Content starts

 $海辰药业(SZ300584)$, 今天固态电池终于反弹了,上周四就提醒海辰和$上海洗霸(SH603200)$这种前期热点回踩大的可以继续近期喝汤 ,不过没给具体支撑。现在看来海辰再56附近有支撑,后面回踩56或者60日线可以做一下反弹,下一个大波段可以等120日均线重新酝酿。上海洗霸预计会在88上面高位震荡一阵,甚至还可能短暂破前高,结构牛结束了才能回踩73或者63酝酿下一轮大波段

Content ends
Content starts

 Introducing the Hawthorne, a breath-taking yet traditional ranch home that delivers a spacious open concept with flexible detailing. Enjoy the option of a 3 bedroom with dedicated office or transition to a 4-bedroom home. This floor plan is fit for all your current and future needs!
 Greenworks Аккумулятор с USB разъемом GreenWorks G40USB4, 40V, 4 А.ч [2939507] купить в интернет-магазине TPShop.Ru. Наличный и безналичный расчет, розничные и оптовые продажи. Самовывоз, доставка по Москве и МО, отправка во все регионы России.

Content ends
Content starts

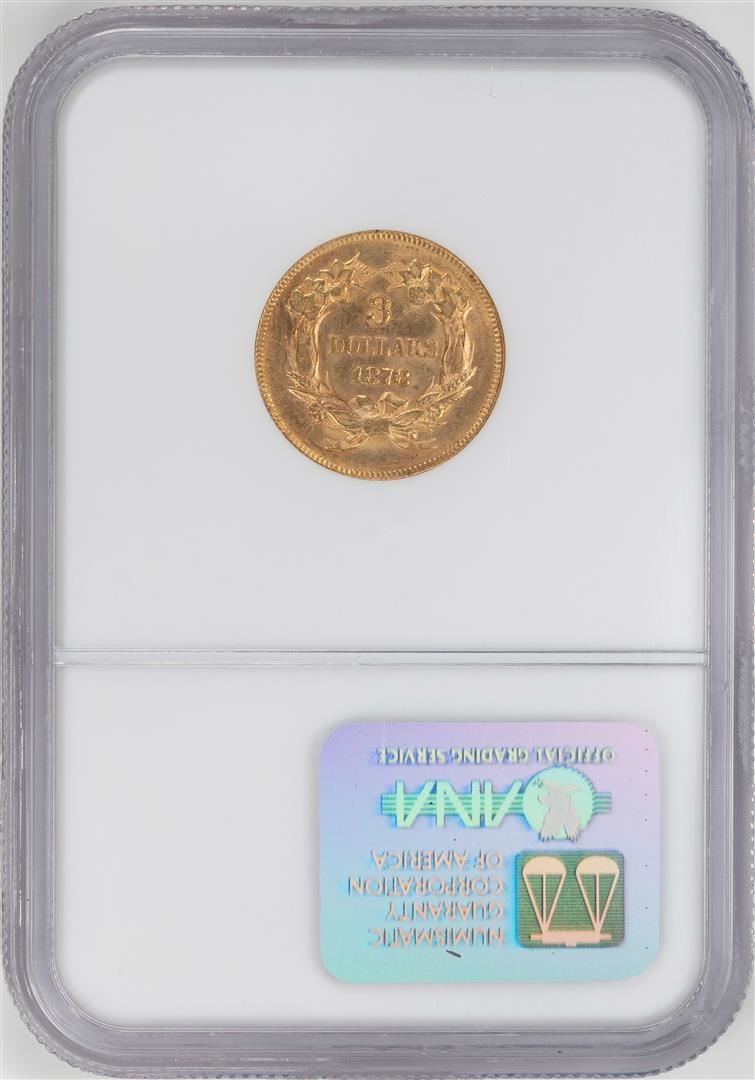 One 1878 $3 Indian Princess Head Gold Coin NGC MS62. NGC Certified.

Content ends

Exact duplication is required for the lines above, from the line that contains "Introducing the Hawthorne, a" to the line that contains "Greenworks Аккумулятор с", inclusive; omit all others.

 Introducing the Hawthorne, a breath-taking yet traditional ranch home that delivers a spacious open concept with flexible detailing. Enjoy the option of a 3 bedroom with dedicated office or transition to a 4-bedroom home. This floor plan is fit for all your current and future needs!
 Greenworks Аккумулятор с USB разъемом GreenWorks G40USB4, 40V, 4 А.ч [2939507] купить в интернет-магазине TPShop.Ru. Наличный и безналичный расчет, розничные и оптовые продажи. Самовывоз, доставка по Москве и МО, отправка во все регионы России.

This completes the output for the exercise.